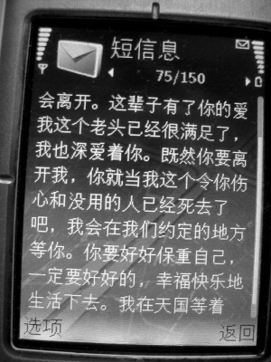 ????3月7日上午開始,大量的短信談到了雙方的“約定”——一起去“天國”。3月7日上午10點41分的一則短信說:“親愛的,我好痛心,好失望……事情沒有我想象的那樣,沒有誰的婚可以離得那么順利。……我會在我們約定的地方等你。……我在天國等著你。我愛你!永遠的愛你!!”而在于丹丹發給陳偉忠的短信中,也出現了這樣的語句:“給我打過來,我真的想好好聽聽你的聲音,這樣我也會安心地走,好嗎?”陳偉忠涉及到自殺內容的短信還有:10時52分發的“……永別了我最愛的人!我愛你!”12時17分發的“……我會靜靜的(地)消失,只帶著太多的遺憾走了,親愛的,我愛你!你要好好的保重!你給我的東西我一定帶著一起走。”13時06分:“親愛的寶貝,我們永別了!不會給你添麻煩了。”13時13分:“謝謝你給我的一切,我永生不忘,謝謝!”最后一條短信發自15時11分:“我走了,你讓我痛苦一輩子吧。”
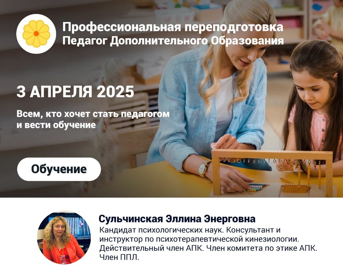 Дорогие друзья!🌿 Приглашаем вас на профессиональную переподготовку "Педагог дополнительного образования" ☀️ Программа начинается 3 апреля 2025 в 10 ч. Длится 4 месяца. ☝️ Программа дает возможность успешно преподавать в организациях дополнительного образования и вести собственную преподавательскую деятельность В рамках программы Вы узнаете: 💫 О специфике сферы дополнительного образования, 💫 Об особенностях организации учебного процесса и создания методического обеспечения для различных категорий учащихся (дети, взрослые. подростки). ❗️На программу принимаются лица с высшим или средним специальным образованием Подробнее можно узнать в личных сообщениях группы ВК или по ссылке — https://kinesioportal.ru/events//12175.php
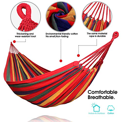 • COMODO TESSUTO IN COTONE: costruita con cotone affilatura serrata, in tessuto morbido, l’amaca offre una sensazione morbida, comoda per rilassarsi, progettata per temperature più freschi, restringe il flusso d’aria e preserva il calore corporeo. Lo spazio extra del letto e la minore altezza dal terreno la rendono popolare, quindi preparati a rilassarti e a goderti un pisolino pacifico.
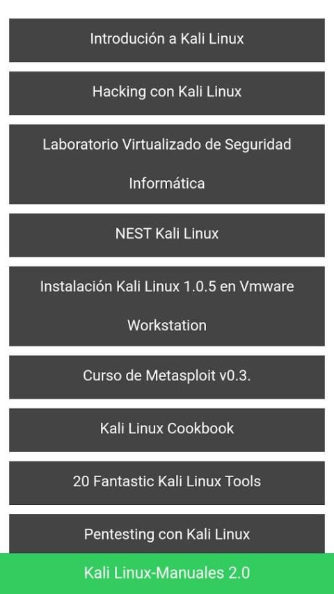 एंड्रॉयड उपकरणों के लिए ऐप काली लिनक्स नियमावली एक साधारण आवेदन है और एक ही समय में उपयोगी है क्योंकि यह वायरलेस नेटवर्क और सुरक्षा प्रणालियों बल्कि दिलचस्प पर ज्ञान की एक संस्था को प्राप्त करने के लिए अनुमति देता है।
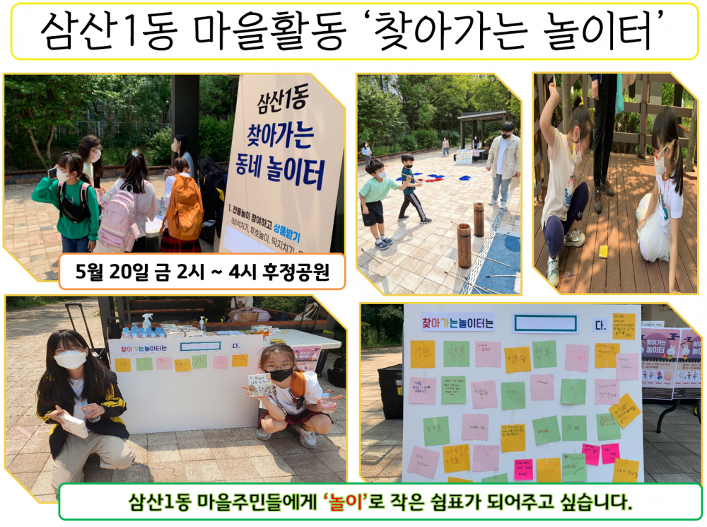 내용 : 삼산1동팀에서는 마주함 마을활동의 일환으로 찾아가는 놀이터를 진행하였습니다.
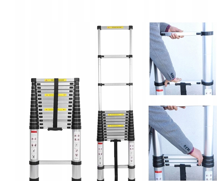 ✔ он характеризуется прочной алюминиевой конструкцией, промышленными защелками блокируют высоту и твердые не -сластичные резиновые ножки на дне лестницы. Телескопическая лестница одобрена стандартом безопасности EN131.

▶ **What you will do**
From the line with "un pisolino pacifico." down to the final line of the entries above, repeat each line exactly; omit the pictures.

▶ **Answer to this problem**
 • COMODO TESSUTO IN COTONE: costruita con cotone affilatura serrata, in tessuto morbido, l’amaca offre una sensazione morbida, comoda per rilassarsi, progettata per temperature più freschi, restringe il flusso d’aria e preserva il calore corporeo. Lo spazio extra del letto e la minore altezza dal terreno la rendono popolare, quindi preparati a rilassarti e a goderti un pisolino pacifico.
 एंड्रॉयड उपकरणों के लिए ऐप काली लिनक्स नियमावली एक साधारण आवेदन है और एक ही समय में उपयोगी है क्योंकि यह वायरलेस नेटवर्क और सुरक्षा प्रणालियों बल्कि दिलचस्प पर ज्ञान की एक संस्था को प्राप्त करने के लिए अनुमति देता है।
 내용 : 삼산1동팀에서는 마주함 마을활동의 일환으로 찾아가는 놀이터를 진행하였습니다.
 ✔ он характеризуется прочной алюминиевой конструкцией, промышленными защелками блокируют высоту и твердые не -сластичные резиновые ножки на дне лестницы. Телескопическая лестница одобрена стандартом безопасности EN131.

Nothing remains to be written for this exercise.